Sr. Data Engineer Resume
Eden Prairie, MN
SUMMARY
- Over 7 years of experience in IT with legacy data base systems and data model implementation and maintenance.
- Experience in design the Data Pipeline which can capture data from streaming web data as well as RDBMS source data
- Good experience in Data Modeling and Data Analysis as a Proficient in gathering business requirements and handling requirements management.
- Experience in developing Conceptual, logical models and physical database design for OLTP and OLAP systems using ER/studio, ERwin and Sybase Power Designer.
- Good knowledge of Software Development Life Cycle (SDLC) methodologies like Waterfall and Agile.
- Effectively using open source languages Python and Scala
- Experience in building Azure stack( ADW, Data Factory, CosmosDB, Event Hub, Stream Analytics)
- Experience in data management and implementation of Big Data applications using Spark and Hadoop frameworks.
- Highly proficient with AWS resources such as EMR, S3 buckets, EC2 instances, RDS and others.
- Expert in writing SQL queries and optimizing the queries in Oracle, SQL Server.
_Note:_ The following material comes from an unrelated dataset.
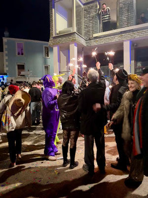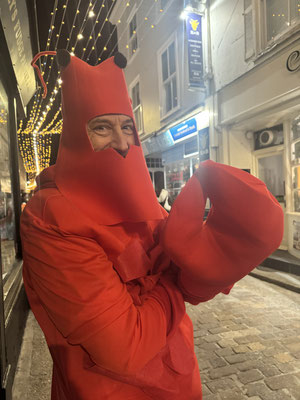 Am Abend steht Late Dinner im Firehouse an. Davor tauchen wir ein erstes Mal ins Getümmel ein und damit in die drittgrösste Silvesterparty Grossbritanniens (nur London und Edinburgh sind grösser). Rund 40’000 Menschen feiern heute Abend gemeinsam rund ums Hafenbecken. Und ja, natürlich sind wir verkleidet. Und ja, natürlich thematisch passend: We are the Lobsters! Noch gestern Abend haben wir den letzten Schliff an den Kostümen gemacht. Und ich habe tatsächlich meine Näh-Skills aus der dritten Oberstufe reaktiviert! Mich dünkt, ich habe früher das Nadelöhr beim Einfädeln auch schon besser gesehen. Täuscht aber vermutlich, früher war ja nicht alles besser!

- Responsible for Data cleansing & transformation of time series data with PySpark
- Working knowledge in Importing and exporting data into HDFS and Hive using Sqoop
- Excellent Experience with Big Data technologies (e.g., Hadoop, BIgQuery, Hive, Hbase etc.)
- Solid in - depth understanding of Information security concepts, Data modeling and RDBMS concepts.
- Experience in data analysis using Hive and Pig Latin.
- Expertise in Data Analysis, Data Validation, Data Cleansing, Data Verification and identifying data mismatch.
- Extensive experience in development of T-SQL, Oracle PL/SQL Scripts, Stored Procedures and Triggers for business logic implementation.
- Expertise in SQL Server Analysis Services (SSAS) and SQL Server Reporting Services (SSRS) tools.
- Excellent experience in troubleshooting test scripts, SQL queries, ETL jobs, data warehouse/data mart/data store models.
- Experience in Data transformation, Data mapping from source to target database schemas, Data Cleansing procedures.
- Experience in writing and executing unit, system, integration and UAT scripts in a data warehouse projects.
- Involve in analysis, development and migration of Stored Procedures, Triggers, Views and other related database objects
- Strong experience in using Excel and MS Access to dump the data and analyze based on business needs.
- Performing extensive data profiling and analysis for detecting and correcting inaccurate data from the databases and to track data quality.
TECHNICAL SKILLS
Big Data tools: Hadoop 3.0, HDFS, Hive 2.3, Pig 0.17, Scala, HBase 1.2, Sqoop 1.4, Kafka1.1, Oozie4.3
Data Modeling Tools: Erwin 9.8/9.7, Sybase Power Designer, Oracle Designer, ER/Studio V17
Database Tools: Oracle 12c/11g, Teradata 15/14 and
ETL Tools: SSIS, Informatica v10.
Reporting tools: (SSRS), Tableau, Crystal Reports
Project Execution Methodologies: JAD, Agile, SDLC.
Programming Languages: SQL, T-SQL, Python, UNIX shells scripting, PL/SQL.
Operating Systems: Microsoft Windows 10/8/7, UNIX, and Linux
PROFESSIONAL EXPERIENCE
Confidential - Eden Prairie, MN
Sr. Data Engineer
Responsibilities:
- Worked on importing and exporting data from Oracle and Teradata into HDFS and HIVE using Sqoop.
- Extensively Created data pipelines in cloud using Azure Data Factory.
- Involved with all the phases of Software Development Life Cycle (SDLC) methodologies throughout the project life cycle.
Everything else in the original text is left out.